Sen. Bill Galvano, R-Bradenton, voted against the bill at an earlier committee stop but has agreed to let it be heard next by the Appropriations Subcommittee on Education, which Galvano chairs. Sen. Nancy Detert, R-Venice, also is on the committee.

There is strong interest in the issue among the Hispanic population in Sarasota and Manatee counties, said Victoria Karins, a Sarasota immigration attorney who has helped DeMaman and roughly 150 other young people in the region gain a measure of legal status through the Deferred Action for Childhood Arrivals program announced by President Barack Obama in 2012.

Deferred action allows younger immigrants who have been in the country for years to obtain a driver’s license, Social Security number and limited protection against deportation.

The in-state tuition bill is another step toward “being able to really fully integrate them into society,” Karins said.

DeMaman’s father works as a mechanic. Her mother cleans houses. They emphasize the importance of education.
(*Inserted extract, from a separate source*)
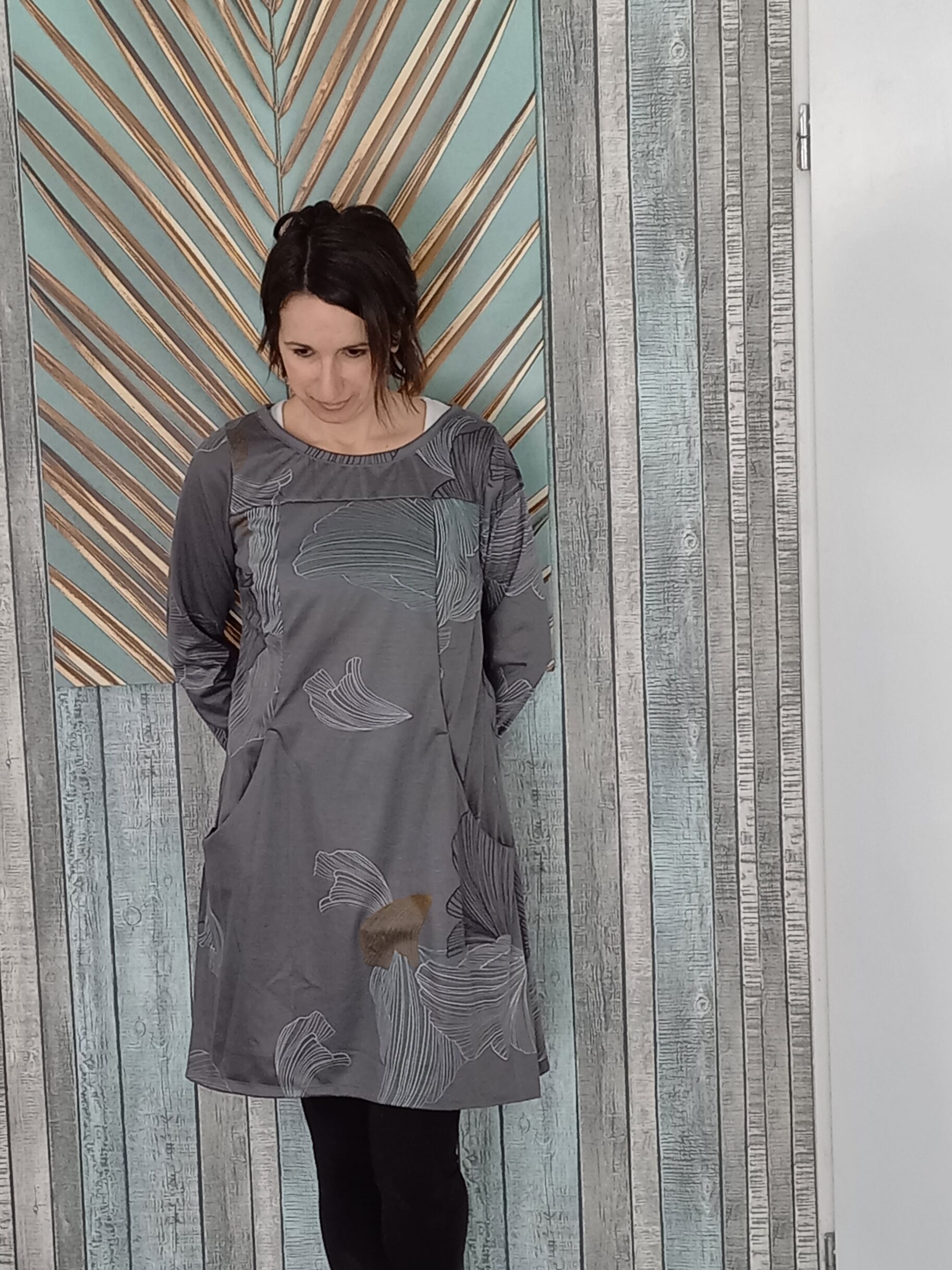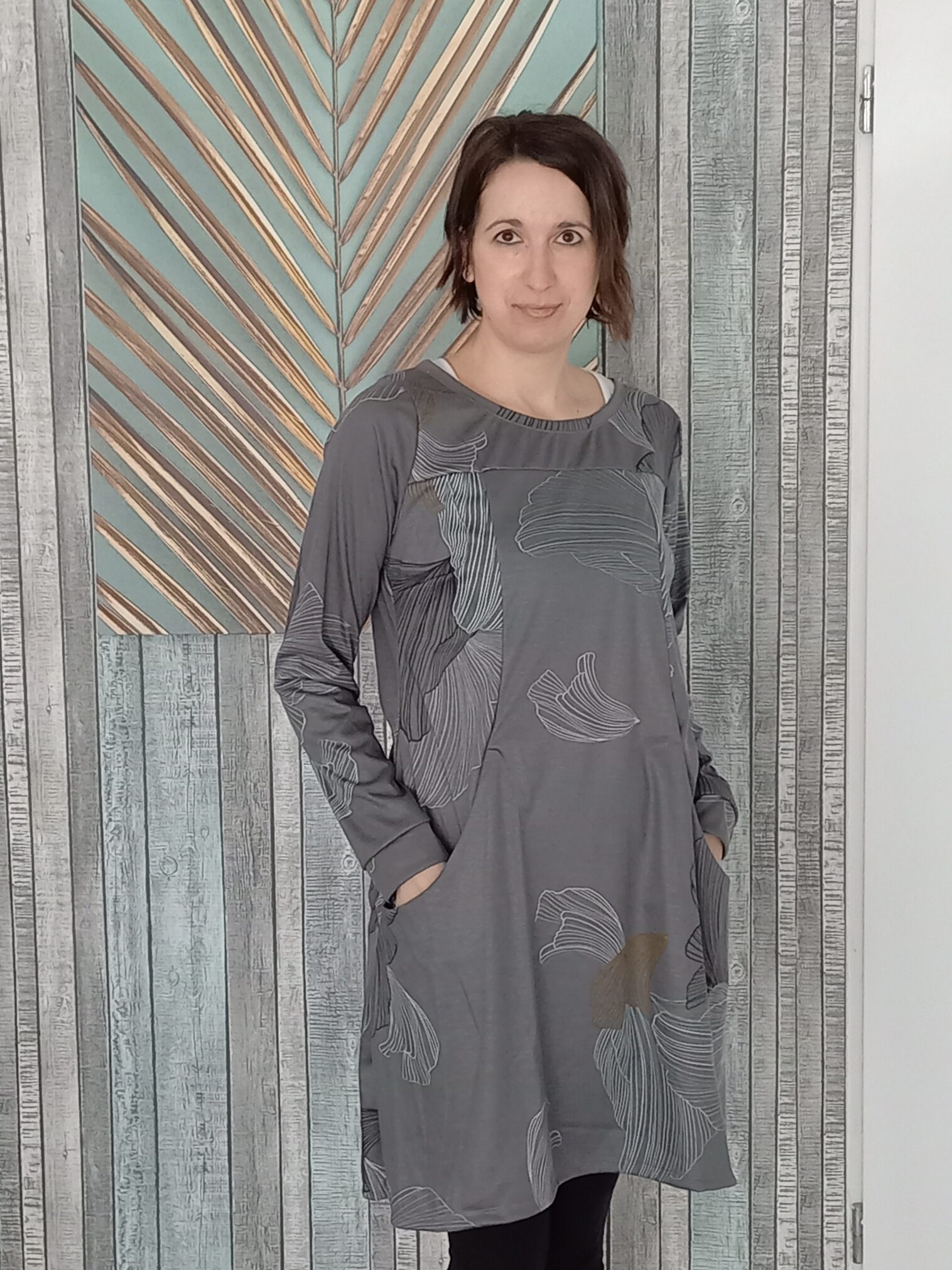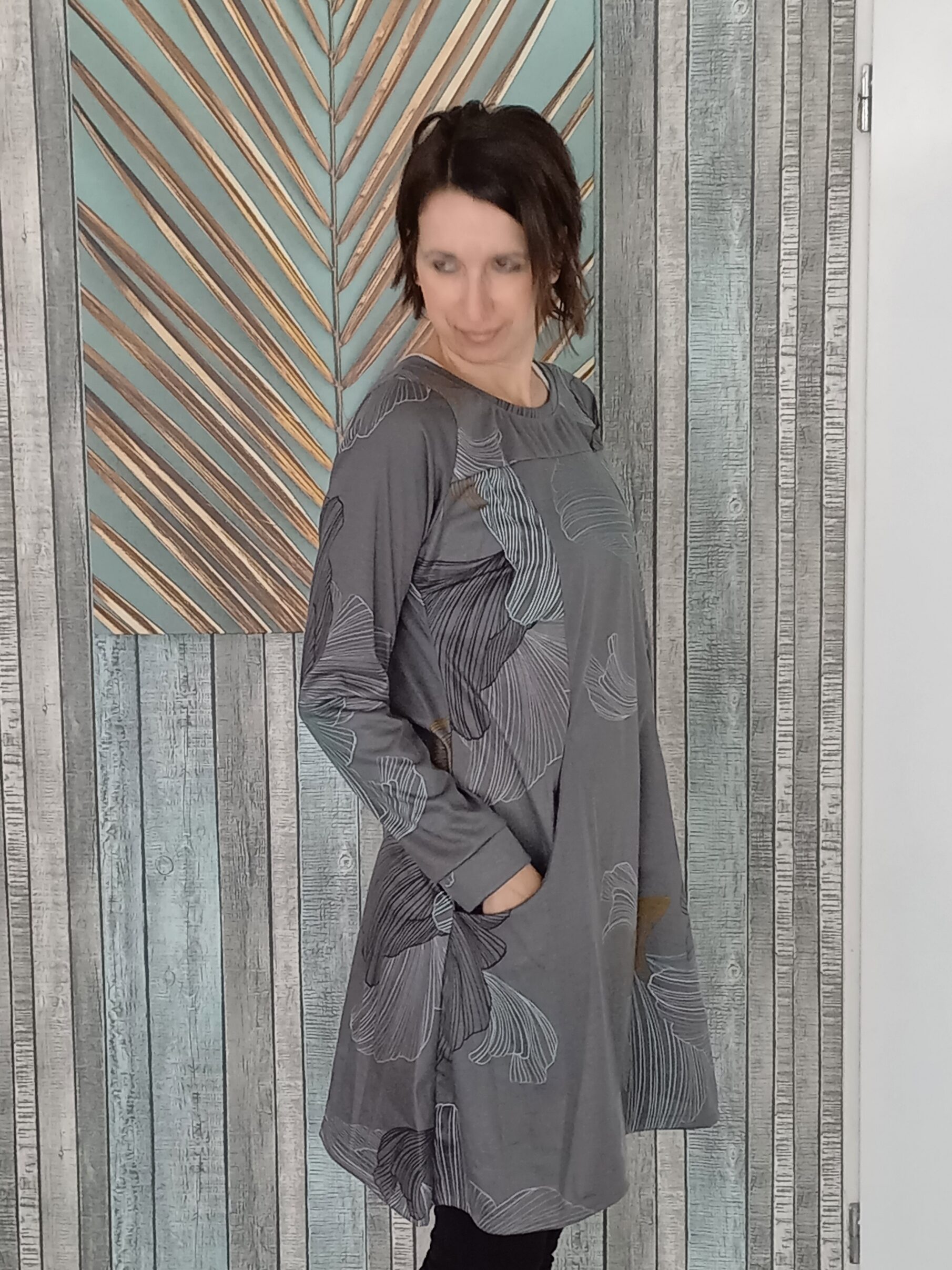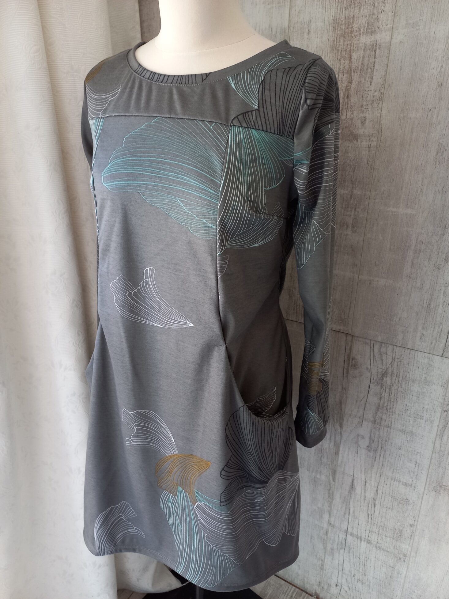 Szürke, türkiz levélmintás A vonalú női ruha. Oldalt nagy zsebekkel.
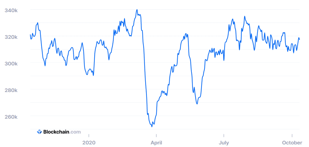 Denný počet transakcií sa tiež drží vysoko a v priemere dosahuje 320 000.

“They always tell us, ‘The reason why we brought you to this country was to do good in school,’ and fortunately I really like school,” said DeMaman, who has lived in Sarasota since the fourth grade and speaks without an accent.

Bright and highly motivated, DeMaman has long been focused on a medical career. She took medical billing classes at the Sarasota County Technical Institute while in high school and served as president of SCTI’s Future Business Leaders of America club.

Working at a medical practice over the last year has sparked an interest in becoming a doctor. But the costs can seem daunting.

“It is discouraging,” she said. “And why would you want to discourage somebody from getting an education?”